_What the exercise asks_
For each entry below, copy the text exactly and leave out any picture.

##### The input

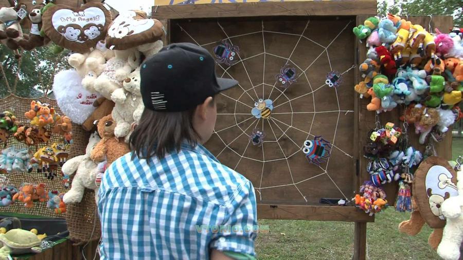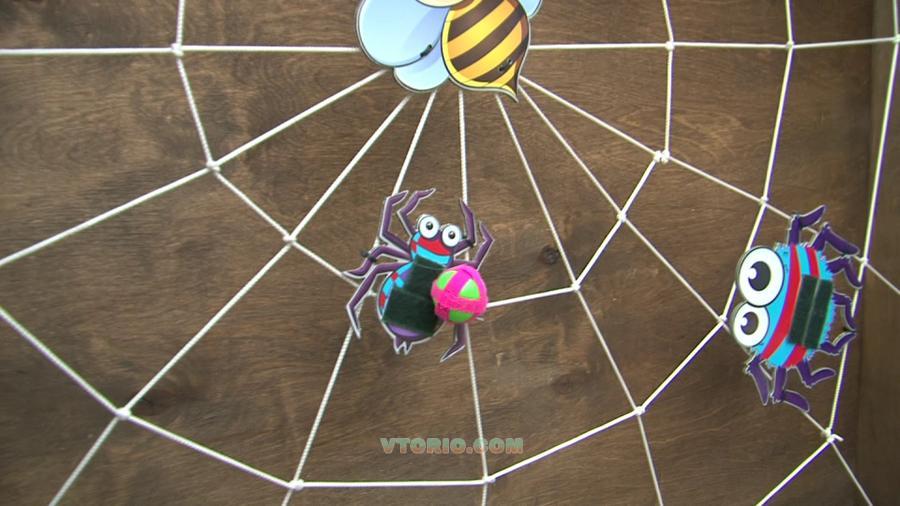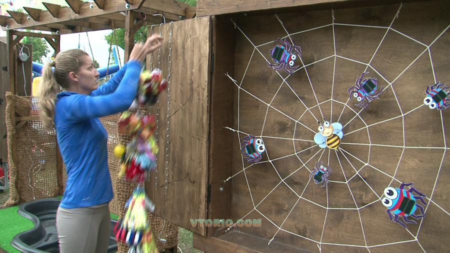 В середине путины находиться Муха-Цокотуха, вокруг нее злобные пауки. Задача игрока попасть в пауков мячиком или подушечкой, на пауках и мячиках прикреплена липучка. При попадании мячиком в брюшко паучка мячик цепляется за липучку и попадание засчитано. Дальше все просто: шесть бросков - шесть результативных попаданий и приз в руках счастливого победителя! Попали 5-4 раза из шести попыток, то средний приз, ну и все остальные результаты попадают под категорию утешительного приза. За время тестирования больших призов было разыграно мало, очень-очень мало. Ну так никто и не обещает игроку что все будет так просто!
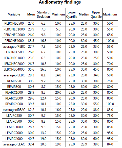 1. From the audiometric results, the average of thresholds of hearing for frequencies of 1, 2, 3 and 4kHz was calculated.
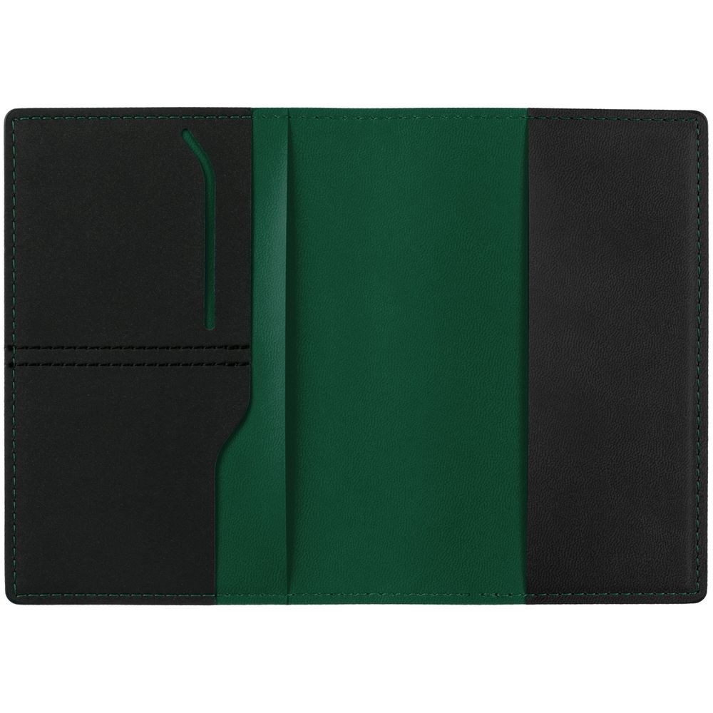 Имеет основное отделение для паспорта и 2 отделения для визиток или кредитных карт.
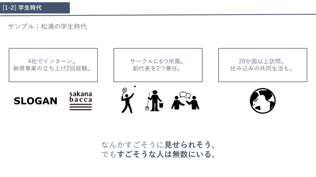 [1-2] 学生時代 サンプル:松浦の学生時代 4社でインターン。 新規事業の立ち上げ2回経験。 サークルに6つ所属。 副代表を2つ兼任。 20か国以上訪問。 住み込みの共同生活も。 なんかすごそうに見せられそう。
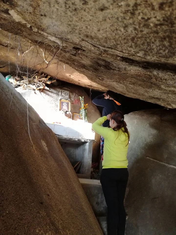 Trong hang được đặt tên là hang Gạo còn có cả một thầy tu xưng là thầy Trí Thuận. Thầy cho hay thầy được đức Quan Âm và ngài Hộ Pháp của đạo Cao Đài gọi về hang này tu. Thầy cũng khẳng định thầy được chùa cho phép lên đây.
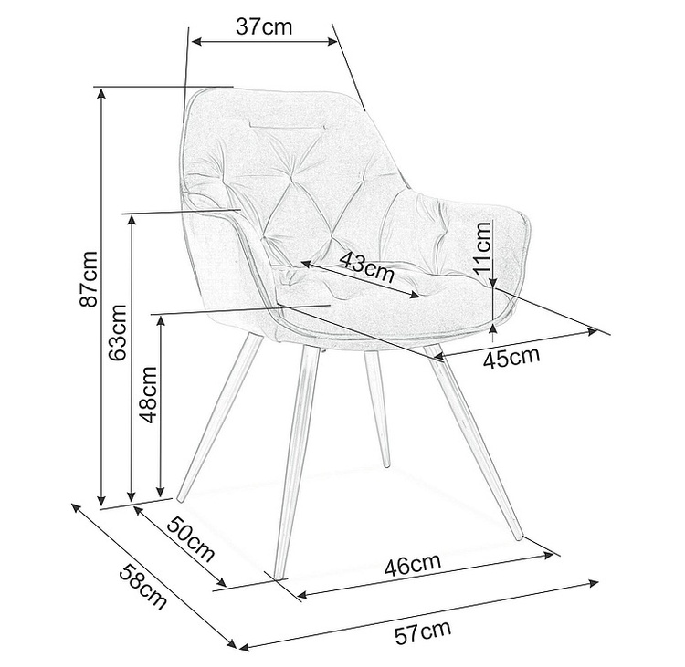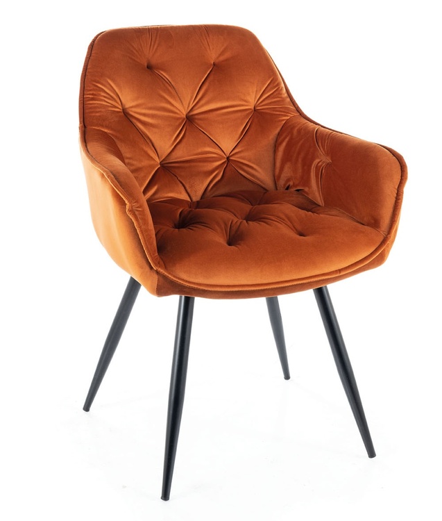 Atraktivní čalouněná židle – křeslo vhodná nejen do Vaší jídelny a kuchyně, ale také do kanceláře, čekárny či recepce. Konstrukce je z kovu černé barvy. Čalounění židle je z látky velvet (BLUVEL 4215) ve skořicově hnědé barvě. Celková výška židle je 87 cm, výška sedáku je 48 cm. Dodáváme v demontovaném stavu.CASA 11009

##########

_Finished exercise_
 В середине путины находиться Муха-Цокотуха, вокруг нее злобные пауки. Задача игрока попасть в пауков мячиком или подушечкой, на пауках и мячиках прикреплена липучка. При попадании мячиком в брюшко паучка мячик цепляется за липучку и попадание засчитано. Дальше все просто: шесть бросков - шесть результативных попаданий и приз в руках счастливого победителя! Попали 5-4 раза из шести попыток, то средний приз, ну и все остальные результаты попадают под категорию утешительного приза. За время тестирования больших призов было разыграно мало, очень-очень мало. Ну так никто и не обещает игроку что все будет так просто!
 1. From the audiometric results, the average of thresholds of hearing for frequencies of 1, 2, 3 and 4kHz was calculated.
 Имеет основное отделение для паспорта и 2 отделения для визиток или кредитных карт.
 [1-2] 学生時代 サンプル:松浦の学生時代 4社でインターン。 新規事業の立ち上げ2回経験。 サークルに6つ所属。 副代表を2つ兼任。 20か国以上訪問。 住み込みの共同生活も。 なんかすごそうに見せられそう。
 Trong hang được đặt tên là hang Gạo còn có cả một thầy tu xưng là thầy Trí Thuận. Thầy cho hay thầy được đức Quan Âm và ngài Hộ Pháp của đạo Cao Đài gọi về hang này tu. Thầy cũng khẳng định thầy được chùa cho phép lên đây.
 Atraktivní čalouněná židle – křeslo vhodná nejen do Vaší jídelny a kuchyně, ale také do kanceláře, čekárny či recepce. Konstrukce je z kovu černé barvy. Čalounění židle je z látky velvet (BLUVEL 4215) ve skořicově hnědé barvě. Celková výška židle je 87 cm, výška sedáku je 48 cm. Dodáváme v demontovaném stavu.CASA 11009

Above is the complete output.